Today’s Peasant Movement – Sophisticated, Threatened, and Our Best Hope for Survival thumbnail

(Image: La Via Campesina)The term peasant often conjures up images of medieval serfs out of touch with the ways of the world around them. Such thinking is out of date. Today, peasants proudly and powerfully put forward effective strategies to feed the planet and limit the damages wrought by industrial agriculture. What’s more, they understand the connections between complex trade and economic systems, champion the rights of women, and even stand up for the rights of gay men and lesbians.

These are not your great ancestors’ peasants.

“A peasant is a scientist. The amount and quality of knowledge we have been developing and practicing for centuries is highly useful and appropriate,” said Maxwell Munetsi, a farmer from Zimbabwe and a member of the Via Campesina.
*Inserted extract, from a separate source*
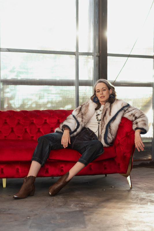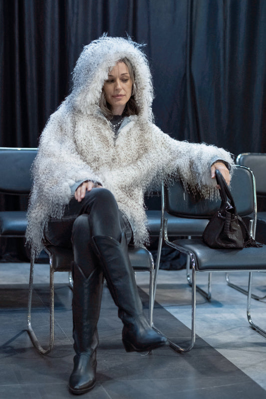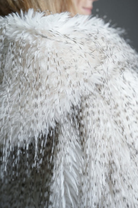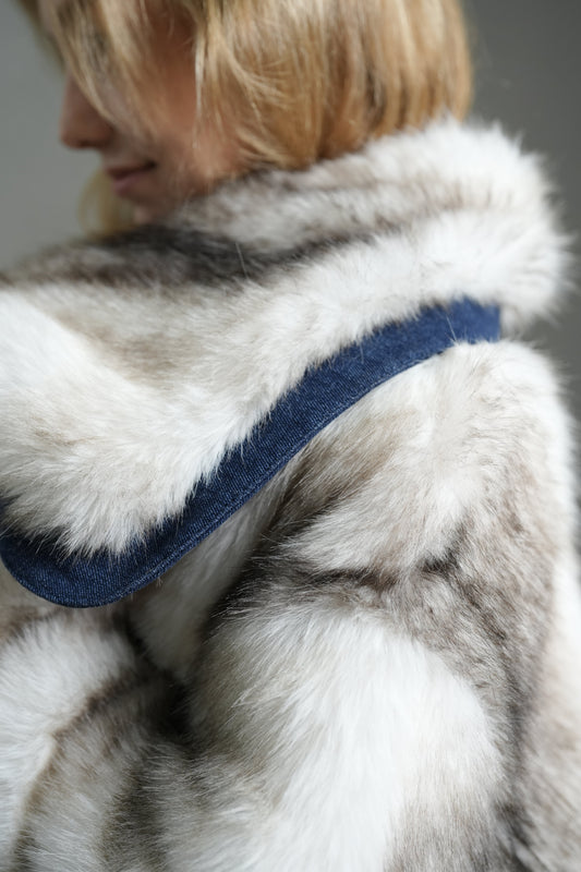 Ivory Faux-Fur Coat with Grey Gradient and Denim Trim

“Unlike agribusiness, peasants do not treat food as a commodity for speculation profiting out of hunger. They do not patent nature for profit, keeping it out of the hands of the common man and woman. They share their knowledge and seeds, so everyone can have food to eat.”

The Via Campesina is perhaps the largest social movement in the world, consisting of more than 250 million farmers and small producers from over 70 nations. At the top of the Via’s agenda is supporting peasant agriculture, which in today’s era of globalization also means seeking agrarian reform, challenging neoliberalism and corporate-friendly trade agreements, and working to stop climate disruption.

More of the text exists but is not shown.